▸ TASK DESCRIPTION: The lines below starting at the line containing "Lee Yong Dae" and ending at the line containing "Die charakteristische Winkelform" are to be repeated exactly, with both ends kept and nothing else added.

▸ MATERIAL SUPPLIED:

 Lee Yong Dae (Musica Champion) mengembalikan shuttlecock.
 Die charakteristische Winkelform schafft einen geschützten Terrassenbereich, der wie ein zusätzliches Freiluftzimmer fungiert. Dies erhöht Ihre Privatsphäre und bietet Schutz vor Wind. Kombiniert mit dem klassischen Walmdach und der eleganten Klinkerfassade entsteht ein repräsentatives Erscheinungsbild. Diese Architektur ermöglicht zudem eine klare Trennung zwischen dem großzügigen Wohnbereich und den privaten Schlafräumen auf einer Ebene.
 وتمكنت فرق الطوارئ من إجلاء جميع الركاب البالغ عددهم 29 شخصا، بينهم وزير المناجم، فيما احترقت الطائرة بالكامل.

...

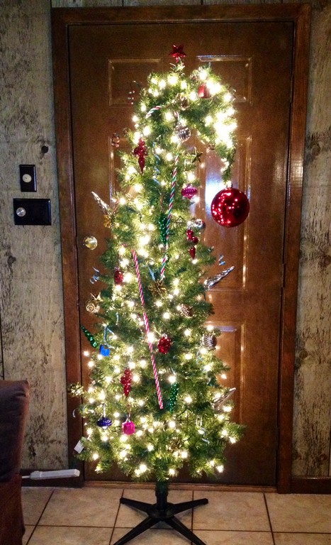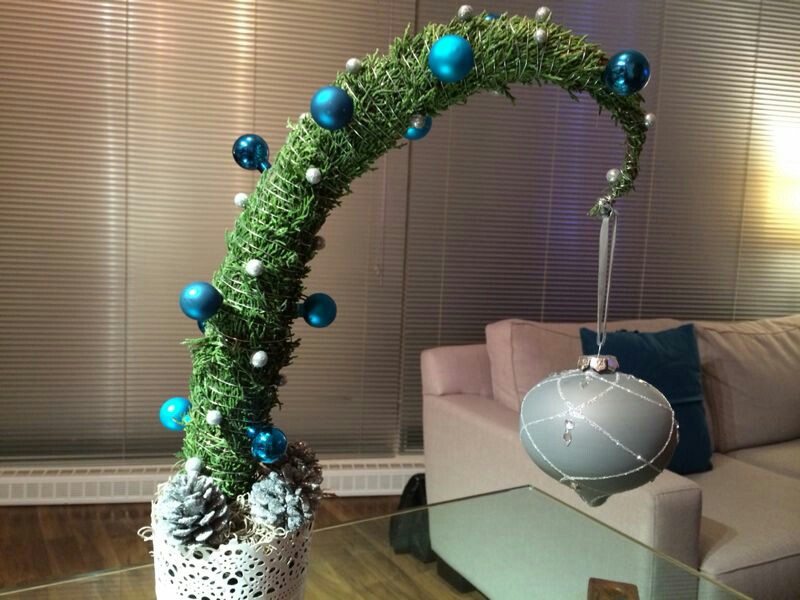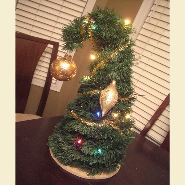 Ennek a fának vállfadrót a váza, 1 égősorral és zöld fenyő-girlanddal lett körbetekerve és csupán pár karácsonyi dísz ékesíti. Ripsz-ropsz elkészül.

...

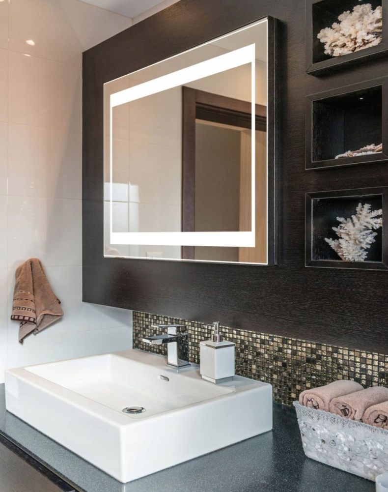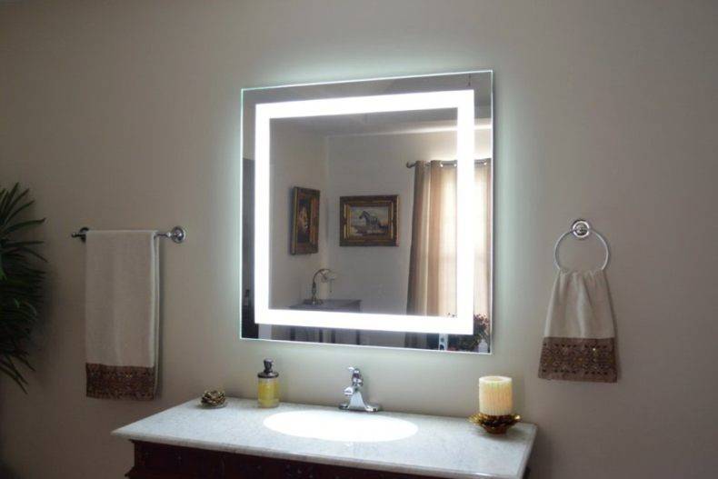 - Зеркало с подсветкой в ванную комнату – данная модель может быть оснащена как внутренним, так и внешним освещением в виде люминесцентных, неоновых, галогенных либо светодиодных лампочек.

▸ OUTPUT:
 Lee Yong Dae (Musica Champion) mengembalikan shuttlecock.
 Die charakteristische Winkelform schafft einen geschützten Terrassenbereich, der wie ein zusätzliches Freiluftzimmer fungiert. Dies erhöht Ihre Privatsphäre und bietet Schutz vor Wind. Kombiniert mit dem klassischen Walmdach und der eleganten Klinkerfassade entsteht ein repräsentatives Erscheinungsbild. Diese Architektur ermöglicht zudem eine klare Trennung zwischen dem großzügigen Wohnbereich und den privaten Schlafräumen auf einer Ebene.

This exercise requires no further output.